The two-surfaces test was equally impressive, the vehicle coming to a halt quickly, under control and in a straight line.

The only criticism was that the device's random braking and releasing of the road wheels caused the tractive unit and trailer to buck somewhat. I doubt whether the light loading of the trailer was a factor, but on the AEC rigid the bucking, as might be expected, was very much less evident.

The best results are obtained where all axles are fitted with the equipment but, as I found out from the tests, an artic with only the driving axle converted had greatly improved straight line braking, and it is very unlikely to jack-knife.

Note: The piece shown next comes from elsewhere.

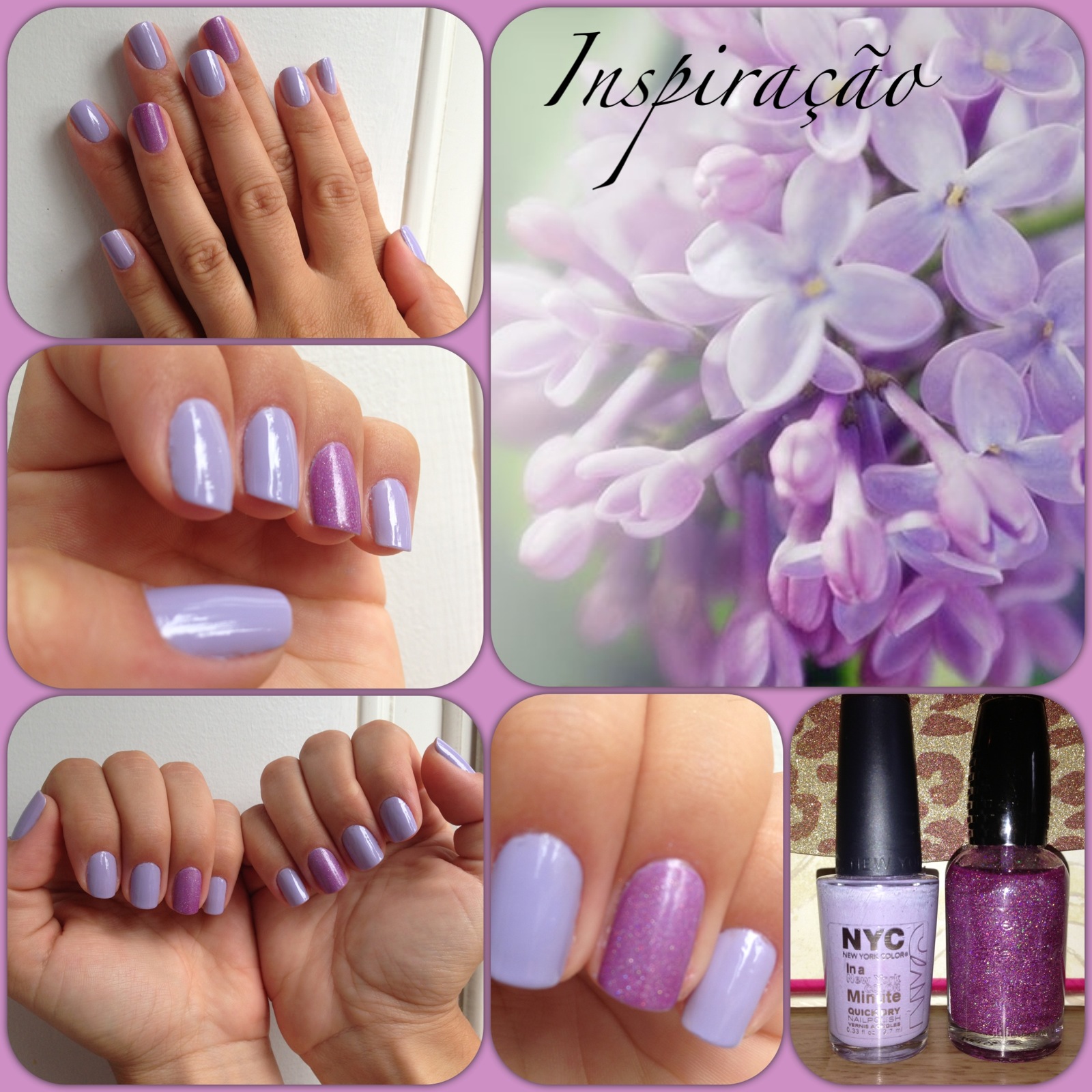 O esmalte escolhido dessa semana foi um lilás pastel lindo que eu adoro para o verão. A cor é Lavender Cupcake da NYC. E para dar um charme escolhi um outro roxinho com glitter para passar na “filha única” que é da Wet&Wild cor Hannah Pinktana. Adoro essas cores pasteis que ficam super lindas em qualquer estação do ano!

Very shortly Antilok will be available both as original equipment for new vehicles and in kit form for installation by operators on existing vehicles. Typical price of a kit for converting, say, the three axles of a six-wheeled attic will be about .£300.

The Antilok system

An anti-lock braking system makes maximum use of the road /tyre adhesion available under all road conditions. To do this it must be capable of responding to all conditions of vehicle loading, and the widely varying friction coefficients produced by different road surfaces and weather conditions.

Research has shown that to maintain near maximum braking without wheel lock under straight-line braking, the slip of the tyre with respect to the road should be kept within the range of 15 per cent to 50 per cent. However, to fully realize its potential, and to cope with braking while cornering, these figures have to be considerably improved upon.

It has been found that to achieve maximum braking and retain control under cornering, the tyre /road slip percentage must be consistently retained within the 10 to 20 per cent range under widely differing conditions. Antilok was developed to meet these requirements.

The Lockheed Antilok system has four main elements:— (i) A sensor which detects tyre /road slip by the recording of wheel velocity and change of velocity.

(ii) A command module which converts this information into instructions.

(iii) A means of conveying these instructions to the main brake actuating system that will override the driver's instructions.

(iv) The response of the wheels and tyres to changes in the brake torque.

The sensor, situated at a wheel or at the prop-shaft, is an electro-magnetic device in which a toothed wheel passes a magnetic head thereby generating pulses. Generally, one pulse is generated per inch of forward vehicle movement or ie 1000 pulse/sec at about 60 mph.

The system senses imminent wheel lock by detecting excessive deceleration at the wheel. A circuit in the command module monitors the impulses received from the wheel sensor, and processes each pulse into a speed signal which is used to calculate the acceleration or deceleration of the wheel continuously.

The brakes are released when the wheel deceleration is in excess of 1.5g and reapplied when the wheel has started to recover. The point of re-application is determined by a reference signal generated during each cycle which takes account of the varying requirements for low and high adhesion surfaces and gear conditions. Automotive Products have developed circuitry in conjunction with Mullard Ltd and . now supply the control modules to Lockheed specifications.

Tie electronic system now used is several times more reliable than previous mechanical systems but the possibility of Antilok failure cannot be overlooked, and the system has been developed to offer comprehensive safeguards and warning should a fault develop. A failure of Antilok on the rear wheels of a rigid, for instance, would automatically cause the system to switch out on the front wheels.

As the majority of commercial vehicle braking systems use compressed air as the power medium, Automotive Products have developed both two-wheel and all-wheel systems for use with air as the power source. The general approach and principles involved are common to both commercial vehicle and car applications, and the main elements, the sensor and command module, are similar.

The only fundamental difference between the two applications is the provision of a modulator in the commercial vehicle Antilok system. The modulator, an axle-linked pressure control valve, is introduced into the system to take account of the variations which occur between laden and unladen conditions, and the considerable effects of weight transfer under heavy braking.